The massive effort to rescue animals caught in the fire has begun with triage centres set up to assess injured wildlife at staging posts at Kilmore, Whittlesea and Redesdale near Bendigo.
The animals are then being treated and assessed by vets at nearby shelters, who make the agonising decision about which ones need to be euthanased.
Those animals still able to may wait several weeks before walking out of fire-affected forest, Gayle Chappell from the Hepburn Wildlife Shelter said.
Ms Chappell is among those working to rescue the animals and says the extent of the devastation may never be known.
"It (the animal death toll) will be in the hundreds of thousands, possibly millions," Ms Chappell said.
"We are not just talking the animals we are familiar with, there are gliders and all sorts of possums, antechinus (a mouse-like marsupial), bandicoots, birds - there is so much wildlife.
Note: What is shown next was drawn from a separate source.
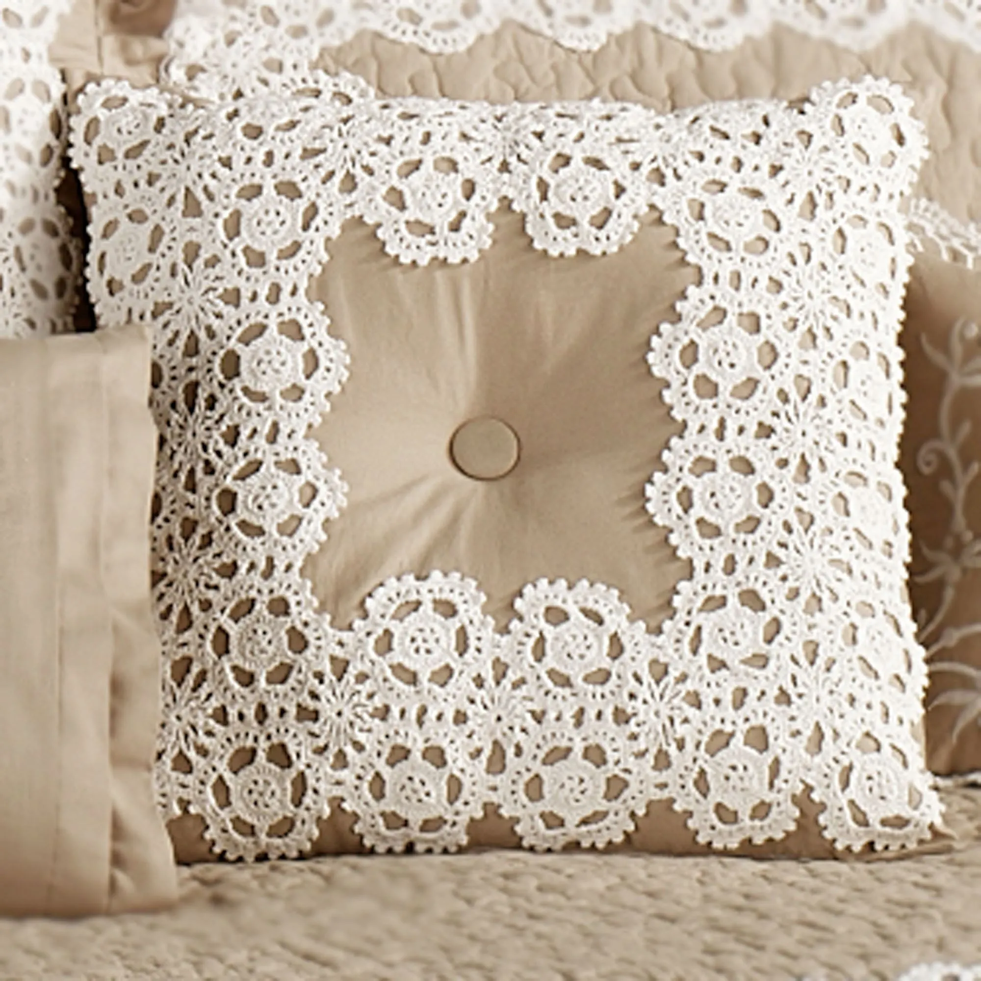 Standard/Queen Sham has a quilted latte center with ivory crochet trim and a ruffled flange edged in mini-crochet; French back closure.

"It is devastating, the actual size of the destruction is devastating to a number of wildlife populations."
It is feared endangered populations of gliders, owls and lizards may be among the dead.
For those that have survived, the recovery process will be long and slow.
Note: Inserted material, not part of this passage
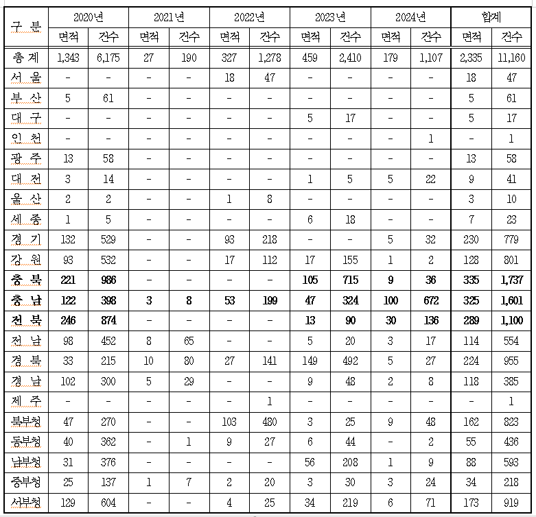 한편, 최근 5년간 지역별 산사태 발생 현황은 충북지역이 총 1,737건으로 가장 많았고, 충남지역 1,601건, 전북지역 1,100건으로 조사됐으며, 피해 면적도 충북지역이 335ha로 많았고, 충남지역 325ha, 전북지역 289ha 등의 순으로 나타났다.

"They have lost their homes too and they are not going to be rebuilt in a year or two years, it is a much longer-term picture," Ms Chappell said.
"You can\'t reconstruct a forest."
The fires also destroyed four wildlife shelters including Stella Reid\'s Wildhaven shelter at Kinglake.
Ms Chappell said Ms Reid escaped with her life, but the animals were not so lucky.
"It has been a real blow for everybody I think. That is what has really brought it home for everybody, hearing that Stella Reid\'s place was totalled and all her animals ... they weren\'t able to get any animals out at all."
RSPCA moves in to help distressed animals
The RSPCA is gearing up to take care of family pets, livestock and wildlife hurt in the ferocious Victorian bushfires.
RSPCA chief executive Maria Mercurio says that as the areas devastated by bushfire open up only then will Australians understand the full brunt of the tragedy on animals.
She said RSPCA shelters and inspectors have been working around the clock to be ready to provide emergency assistance to animals.
"We are able to offer short term emergency accommodation and veterinary care to pets at our shelters across Victoria," Ms Mercurio said.
"Some of our regional shelters have been assisting with emergency accommodation since Saturday."
Many animals which have managed to survive the fires have been without food or water since Saturday.
Ms Mercurio said government departments and other animal welfare agencies will provide emergency care to wildlife, companion animals and livestock while delivering pet food, much of it donated, to relief centres across Victoria.
She said if people are able to support the emergency relief effort, they can complete the assistance form on the website www.rspcavic.org detailing the support they can offer.
"For those not affected by the bushfires and who might be considering adopting a pet, now is an ideal time as it will free up kennels and allow us to take in more animals for emergency accommodation," Ms Mercurio said.